In some cases, disabled individuals under the age of sixty-five are disqualified from SSI/Medicaid because their income from other sources (such as Social Security Disability Income, long-term disability, worker's compensation, or pensions) is too high to permit qualification for these programs. There is little that can be done with excess income; however, for those individuals with limited income and assets too high to permit qualification, the self-settled special needs trust can be the answer.

In order to qualify for the SSI/Medicaid programs, an individual must have less than $2,000 in countable assets. Countable assets are all assets except non-countable assets. Non-countable assets are the house, a car, personal goods and household effects, and small policies of life insurance.
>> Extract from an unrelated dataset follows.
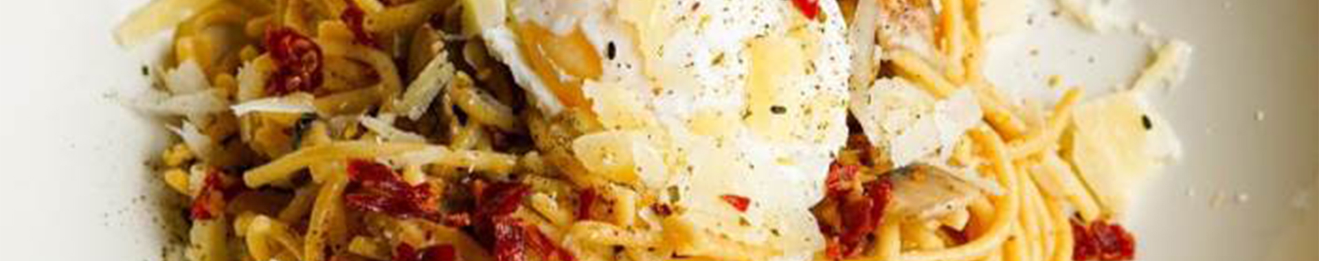 Pasta con salsa de Grana Padano, jamón y huevo pochado

So, let's assume the following facts, disabled man (Mr. Smith) who has schizophrenia. Mr. Smith is forty years old. Mr. Smith has held sporadic jobs throughout his adult life; however, due to his illness, he has never been able to maintain employment. In total, Mr. Smith's employment has been for fewer than ten years; accordingly, Mr. Smith does not have a sufficient amount of quarters of employment to qualify for the Social Security Disability program, which would provide him with a source of income based upon his work-history earnings.

Mr. Smith has accumulated assets of $60,000, primarily through inheritances that he has received from family members. Because Mr. Smith has more than $2,000, he does not qualify for the SSI/Medicaid programs; accordingly, Mr. Smith has no source of income and no health insurance of any nature whatsoever.

Based upon these facts, Mr. Smith could qualify for the SSI/Medicaid programs if he were willing to place his assets (the $60,000) in to a self-settled special needs trust. As odd as this may sound, the trust is funded with Mr. Smith's assets but can only be established by a court, a parent or grandparent of Mr. Smith, or Mr. Smith's legal guardian, if he has one.

The trust must contain a payback provision, which requires any money remaining in the trust at the time of Mr. Smith's death to be paid-back to the State for Medicaid benefits that the State paid on Mr. Smith's behalf during his life. Money remaining after the payback can pass to Mr. Smith's family in accordance with his wishes.

Once the money is in the trust, Mr. Smith will qualify for SSI and Medicaid, and the trustee of the trust (perhaps a family member of Mr. Smith) can use the money in the trust to supplement Mr. Smith's care or living arrangements.